BIOREMEDIATION OF FRACTURED ROCK CONTAMINATED WITH CHLORINATED SOLVENTS: STATE-OF THE ART AND REMAINING CHALLENGES

Once thought to be devoid of life, fractures in bedrock are now known to support unattached (free-floating) and attached microbial communities. The bacteria and protists that inhabit macro and micro water-bearing fractures differ and their ecology and its relationship to mass transfer kinetics are not well understood. The ability of the communities to degrade chlorinated solvents is related to: the types of rock media and compounds (e.g., PCE, TCE, DCE, VC) present; the location of the solvents within the fractured rock environment (e.g., dissolved in the groundwater, sorbed onto or into the rock matrix, as free product); and the availability of electron donors and acceptors and nutrients as well as the other environmental parameters (e.g., pH, temperature) that affect microbial activity.

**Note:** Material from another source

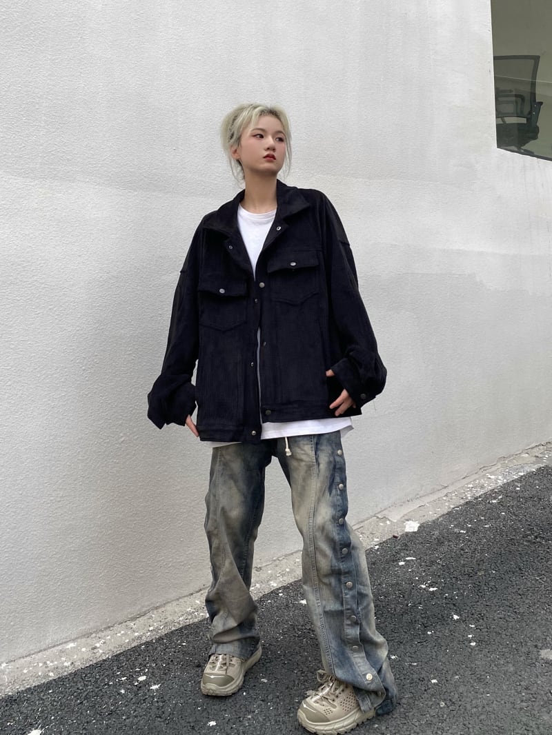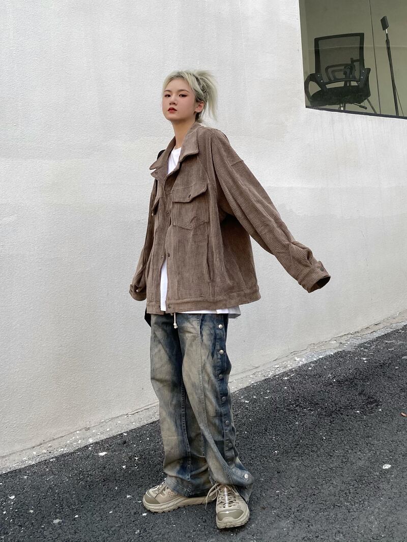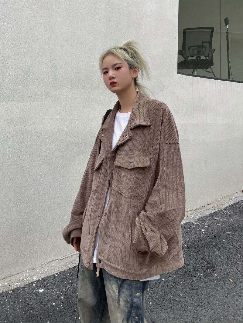 スタイルスタンダードコーデュロイジャケット ルーズカジュアルトップス レディース ロング レトロ Brother_is_Style6767254445

Biodegradation of chlorinated solvents can be accomplished by naturally-occurring microbial communities, if the appropriate environmental conditions exist, but in many cases injection of amendments such as electron donors or bacteria that can completely dechlorinate and mineralize the organic molecules to inorganic carbon are required. In unconsolidated subsurface environments, injections of amendments to enhance biodegradation of chlorinated solvents have been successful in numerous cases; however, achieving similar results in fractured rock has proven elusive. Even with recent advances in geophysics and geohydrology, hydraulic control in fractured rock is not readily achieved. The linkage between biodegradation and hydraulics is of paramount importance to chlorinated solvent remediation in fractured rock. This linkage and its relationship to bedrock microbial ecology, and the hurdles that need to be overcome to make naturally-occurring or engineered bioremediation of chlorinated solvents in fractured rock acceptable to regulators will be discussed.